PROBLEM DESCRIPTION | Leaving every picture out, please return exactly the lines from the top of the material below through the line with "LIGHTACCENT Clear Glass", both included.

DATA |

*** Begin section ***

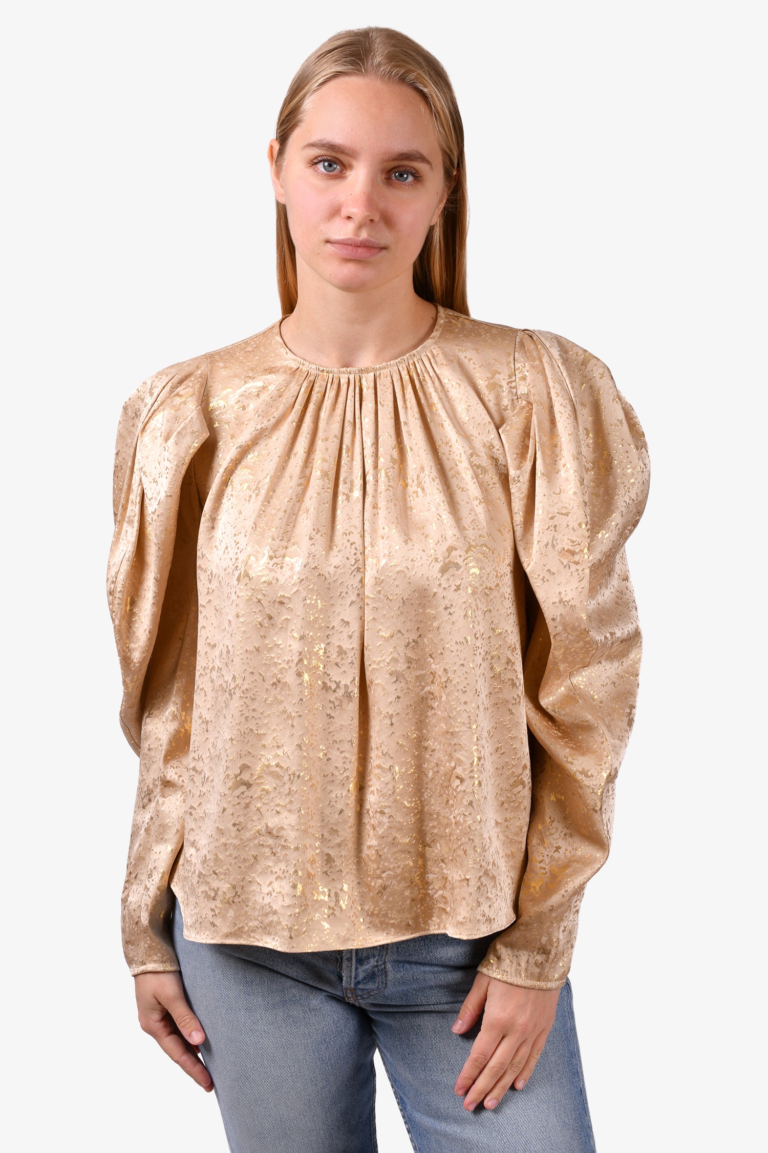 Ulla Johnson Gold Silk Blend Puff Blouse Size 2
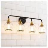 LIGHTACCENT Clear Glass Ceiling Fan Light Covers, Glass Lamp Shade Replacement for Ceiling Fans with Lights, Ceiling Fan Globe Replacement, Fan Light Cover, Black Light, 4-Pack Set of 4
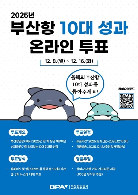 부산항만공사(BPA)는 9일, 2025년 한 해 동안 부산항이 이룬 주요 성과 가운데 국민 눈높이에 맞는 우수 사례를 직접 뽑는 ‘2025년 부산항 10대 성과’ 온라인 투표를 추진한다고 밝혔다. BPA는 이번 투표를 통해 공기업의 성과를 국민과 공유하고, 공감할 수 있는 대표적 성과를 도출하겠다는 방침이다.

*** End section ***

SOLVED PROBLEM |
 Ulla Johnson Gold Silk Blend Puff Blouse Size 2
 LIGHTACCENT Clear Glass Ceiling Fan Light Covers, Glass Lamp Shade Replacement for Ceiling Fans with Lights, Ceiling Fan Globe Replacement, Fan Light Cover, Black Light, 4-Pack Set of 4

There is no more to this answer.